We have this word of life 'temporary'. We are so expose this kind of life wherein there's no constant thing in this world just only 'change'. We meet lots of people in this world that we tend to know them deeply and we used to know them everyday.
Definitely, they were a season person that suddenly came into our life accidentally and unfortunately stay in a while and left us behind.
I have this person who've known as my former student way back my On the Job Training (OJT). Since, my former student was already a Senior High which is already a second year college I tend to have a hesitation and limit myself to become an authoritarian because as what our age gap was just almost the same. Of course, as a student teacher that time you really need to possess the aspect of being a respectable teacher no matter how your age, gap, culture and beliefs. You really need to practice and act professionally. Since my students are all adults I adjust my used strategies for them. So, what I did was techinically vibe them as what the adults used to be. I never set any stricts scenario, I just vibe them according to their craziness. Educators is flexible so, no matter what the situation will be there were always boundaries. Vibe them with limitations because you are a teacher and they are the students.
When the gaps makes me bothered I did my part to become their close partner or close teacher for me not to bothered any hesitations. So, mostly I was close to all boys in Senior High so that It's easy for me to establish rapport for everyone.
This person that I actually close was my former student. He is so kind and active in class. He really respect me as his student teacher and as his mentor in all kind. It's been a year that he contacted me in facebook. It's nothing and he is just remember me as his once a teacher.
We absolutely establish so much closeness as the country implemented lockdown for the first time. We really build a closeness relationship of being a friend. He actually calls me a 'coach' because when he calls me ma'am, he feels like there's an authority and a certain distant between me and him. That time I'm not in a relationship and he is as well so, no bothered for both of us to keep in touch.

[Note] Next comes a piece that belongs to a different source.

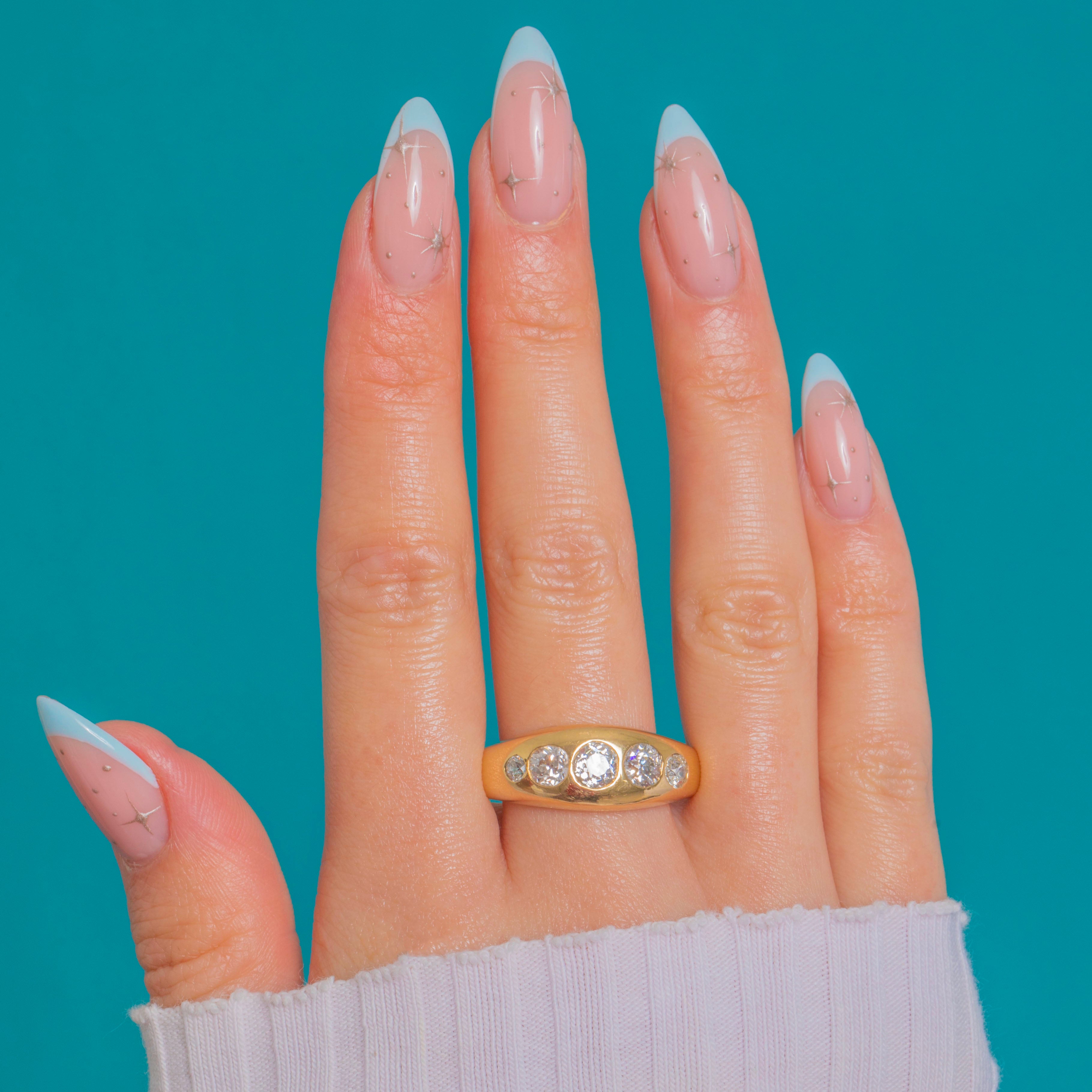 This bold and beautifully executed vintage ring showcases a glorious spread of old cut Diamonds, flush-set into a thick, gleaming band of 14ct Gold. Brimming with vintage charm, each Diamond displays the crisp facets, high crowns and lively brilliance that make old cuts so enduringly beloved.

There's no day that he cannot show his concerns for me, he even shared his life with me when it comes family problems, schools, or even his personal life. I just so kind and willing to listen in his non sense and very dramatic life. Our closeness even more tighter when he invited me to join his addicted online games. That was the time that we are so open up about our exe's too. When the time that he tried to have my number because he wanted to have someone to talked to. When this things happened he always ask permission that he will call me and shared his imperfect life, he even cry at me over phone for he is so hopeless about life and schools. Yeah! I forgot he is a first year college and took up a criminology at Cavite State University. We even more closer as he more open up with me. Obviously, I'm his one call away.
There were time that a little by little his approach with me is something change. With the reason with that was because his ex wanted to have a relationship again with him. So, our communication was already change as well. But then when life hit him again with painfulness he tried to contact me again. In my part that time was just I'm his open arms when he is in trouble. It was again a smooth closeness as he realized that he is not yet ready to be with someone again.

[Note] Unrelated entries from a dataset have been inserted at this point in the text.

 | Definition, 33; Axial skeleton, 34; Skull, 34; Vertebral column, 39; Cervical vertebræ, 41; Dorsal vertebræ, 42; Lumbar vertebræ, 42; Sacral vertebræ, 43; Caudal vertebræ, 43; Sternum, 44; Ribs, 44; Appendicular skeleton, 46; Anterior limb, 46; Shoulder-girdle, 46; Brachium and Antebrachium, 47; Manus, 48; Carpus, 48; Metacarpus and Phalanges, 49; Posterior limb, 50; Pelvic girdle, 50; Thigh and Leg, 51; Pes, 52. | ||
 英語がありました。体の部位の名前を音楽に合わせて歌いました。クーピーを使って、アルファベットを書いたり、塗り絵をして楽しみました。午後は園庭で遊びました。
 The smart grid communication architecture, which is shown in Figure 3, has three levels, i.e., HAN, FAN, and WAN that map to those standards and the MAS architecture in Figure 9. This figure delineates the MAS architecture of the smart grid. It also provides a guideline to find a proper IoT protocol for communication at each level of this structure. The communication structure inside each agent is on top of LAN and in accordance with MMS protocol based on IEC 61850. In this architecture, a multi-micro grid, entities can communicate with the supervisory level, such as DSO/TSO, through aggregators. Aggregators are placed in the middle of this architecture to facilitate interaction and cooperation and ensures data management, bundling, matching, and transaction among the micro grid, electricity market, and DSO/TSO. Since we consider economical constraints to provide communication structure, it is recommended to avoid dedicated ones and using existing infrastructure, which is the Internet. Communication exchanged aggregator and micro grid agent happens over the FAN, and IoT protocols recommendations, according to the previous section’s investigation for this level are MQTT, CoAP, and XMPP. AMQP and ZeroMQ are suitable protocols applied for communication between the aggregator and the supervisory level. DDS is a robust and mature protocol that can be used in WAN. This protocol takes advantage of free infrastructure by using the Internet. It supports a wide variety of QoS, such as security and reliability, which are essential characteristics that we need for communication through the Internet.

Well, time passed by that he is again healed with the help of me.
He keep trying again entertaining girls. He tried to court again his exes before until such time he already found the one. I don't know if it is already that one is for infinity. So, this time I was nowhere in his part. He forgot my position in his life. And he forgot to thank me that I was once his arms when he needed one. Actually, it's okay for me that he is already standing in his own. He already living his life that there were no coaches coming from his coach which is me.
Actually last week, he chatted me and it's been years as well that he never even remember me as what the good things I've ever done and gave to him.

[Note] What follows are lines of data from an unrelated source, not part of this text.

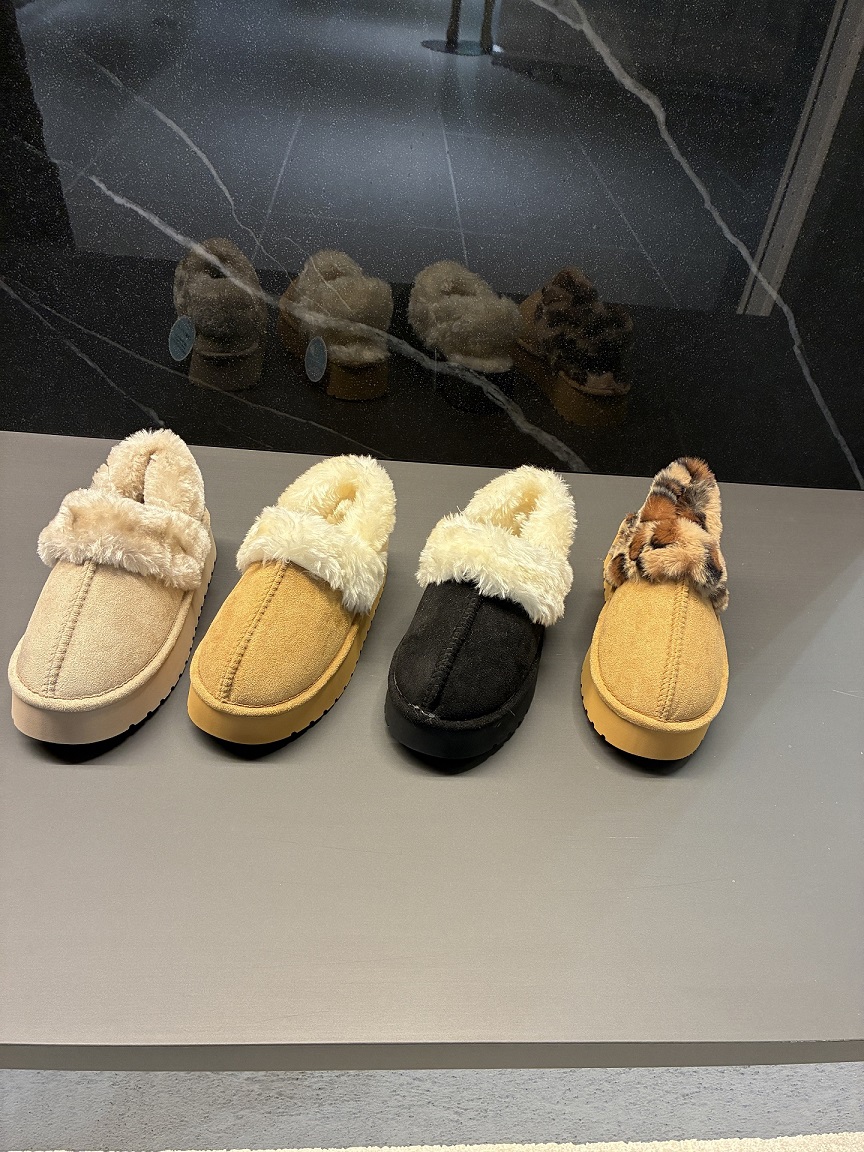 トレンドのムートン風素材を使用したストラップ付きミュールデザイン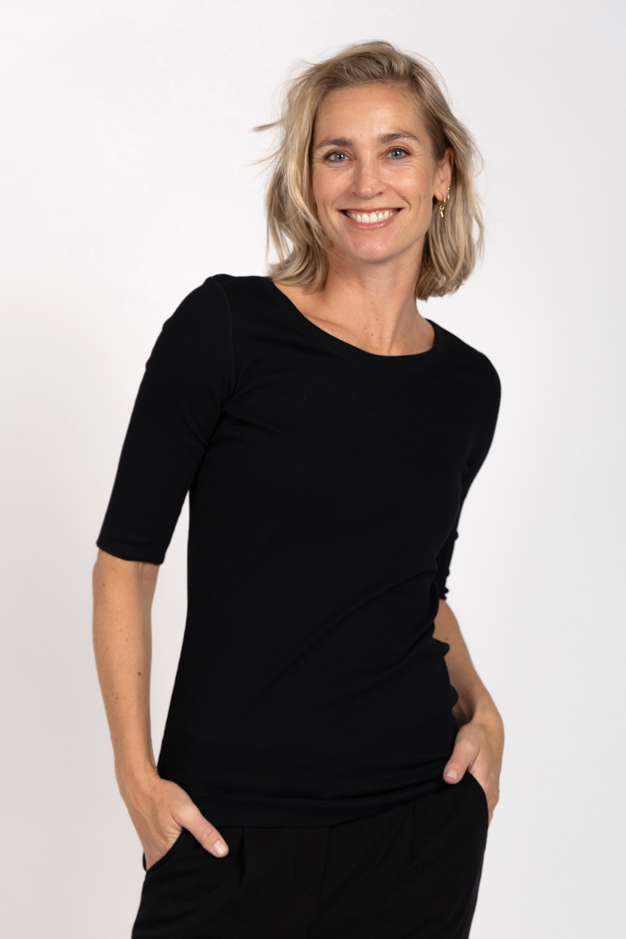 Katoenen t-shirt met een ronde hals en driekwart mouwen die je ook leuk een randje om kunt slaan
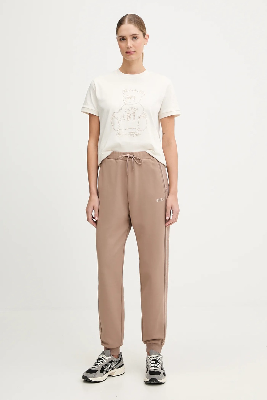 Guess spodnie dresowe OCTAVIA damskie kolor brązowy z aplikacją V5BB23 KCX22
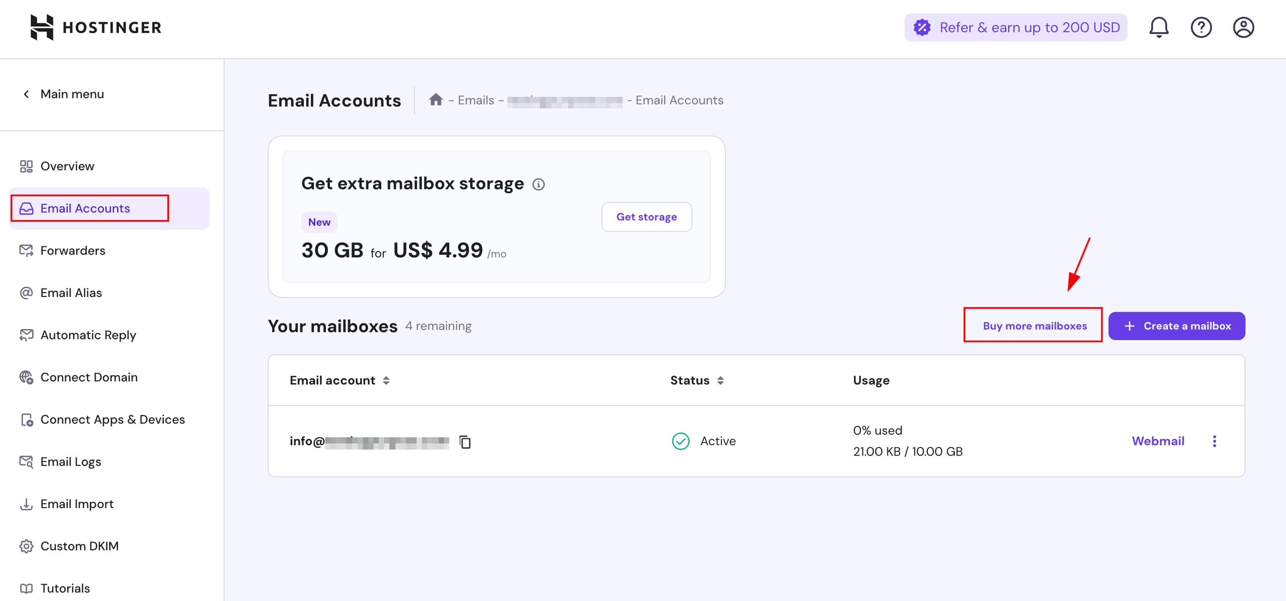 Click on Email Accounts and then Buy more mailboxes

He chatted me that 'How am I? How's my lovelife? And I think he chatted me it's because he experiencing a down moments again but he felt doubt as he shared again with his problem with me. Hehehe maybe he realized that he will remember me when life hits him again.
Therefore, there are people will left you behind until such time they found their life to others. They will remember you when they needed someone without thinking that you are a human that needs someone as well. I can say that he is an inconstant person in my life that he is just there with me when he needs me.
Thankfully that this situation taught me of how life full of hope wherein no matter how insconstant they were, there will be a constant at the end.